CAMK, also known as CaMK, is an abbreviation for enzymes in the Ca2+/calmodulin-dependent protein kinase class. CAMK is activated by increasing the concentration of intracellular calcium (Ca2+) and calmodulin. After activation, the enzyme transfers phosphate from ATP to serine or threonine residues defined in other proteins, so they are serine/threonine-specific protein kinases. Activated CAMK is involved in the phosphorylation of transcription factors and is therefore involved in the regulation of expression of response genes. CAMK is also used to regulate the cell life cycle (ie, programmed cell death), rearrangement of the cytoskeleton network, and mechanisms involved in biological learning and memory.
Calcium/calmodulin-dependent protein kinase type 1 is an enzyme encoded by the CAMK1 gene in humans. Cal/calmodulin-dependent protein kinase I is expressed in many tissues and is part of the calmodulin-dependent protein kinase cascade. Calcium/calmodulin directly activates calcium/calmodulin-dependent protein kinase I by binding to the enzyme, and indirectly promotes phosphorylation and synergistic activation of the enzyme through calcium/calmodulin-dependent protein kinase I kinase.
Figure 1. Protein structure of CAMK1.
Ca2+/calmodulin-dependent protein kinase II (CaM kinase II or CaMKII) is a serine/threonine-specific protein kinase that is regulated by the Ca2+/calmodulin complex. CaMKII participates in many signal cascades and is considered an important medium for learning and memory. CaMKII is also necessary for Ca2+ homeostasis and myocardial cell reuptake, chloride ion transport in the epithelium, positive T cell selection, and CD8 T cell activation.
Figure 2. Crystal structure of calcium/calmodulin-dependent protein kinase.

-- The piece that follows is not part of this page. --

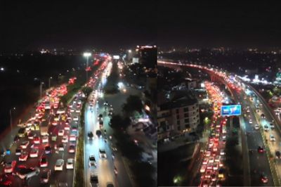 ड्रोन से लिया गया एरियल व्यू दिखाता है कि वीडियो में गाड़ियां रेंगती हुई नजर आ रही हैं। वाहन चालकों को कई घंटों तक सड़क पर ही इंतजार करने को मजबूर होना पड़ा।

The sensitivity of the CaMKII enzyme to calcium and calmodulin is controlled by variable and self-associated domains. This sensitivity level of CaMKII will also regulate different activation states of the enzyme. Initially, the enzyme is activated; however, since there is not enough calcium or calmodulin to bind to an adjacent subunit, autophosphorylation does not occur. With the accumulation of a large amount of calcium and calmodulin, autophosphorylation occurs, resulting in continuous activation of CaMKII enzyme for a short period of time. However, the threonine 286 residue was eventually dephosphorylated, causing CaMKII inactivation.
Figure 3. The structure of the kinase domain of CaMKII (gamma) rendered by pymol from PDB 2v7O, green sticks = nucleotide.
Calcium/calmodulin-dependent protein kinase type II subunit (CAMKIIα), also known as Ca2+/calmodulin-dependent protein kinase IIα, is a protein kinase encoded by the human CAMK2A gene. The product of the CAMK2A gene is an enzyme that belongs to the serine/threonine-specific protein kinase family and the Ca2+/calmodulin-dependent protein kinase II subfamily. Ca2+ ion signaling is essential for several aspects of glutamate synaptic plasticity. The enzyme consists of four different chains: α, β, γ, and δ. The alpha chain encoded by this gene is required for hippocampal long-term enhancement (LTP) and spatial learning. In addition to its calcium calmodulin (CaM) -dependent activity, the protein can also undergo autophosphorylation, resulting in CaM-independent activity. Two transcript variants encoding different isoforms have been identified for this gene.
Figure 4. Protein structure of CAMKIIα.
Some of pseudokinases that are related to the CAMK family include:
Tribbles-1 is one of three members of the Tribbles subfamily, which is part of the CAMK Ser/Thr protein kinase family of protein kinase superfamily. The Tribbles subfamily is one of the pseudokinases, which means that although the putative kinase region is expressed in its structure, it is non-catalytic. The Tribbles subfamily lacks a functional ATP-binding pocket, and therefore cannot phosphorylate its substrate; instead, the Tribbles protein functions as a scaffold protein that binds to its substrate to localize them to function.
Tribbles homolog 2 is an atypical protein kinase encoded by the TRIB2 gene in humans. TRIB2 is a pseudokinase member of the signal/scaffold protein (pseudoenzyme) class and has almost no residual catalytic output in vitro. Signals are known to transduce the typical MAPK pathway and regulate ubiquitination of substrates with important functions in the immune system. It is also associated with many diseases, especially in vertebrate leukemia models. Like TRIB1 and TRIB3, TRIB2 has recently been recognized as a potential allosteric drug target and is a regulator of putative cancer-related signals and survival through AKT pSer473 regulation.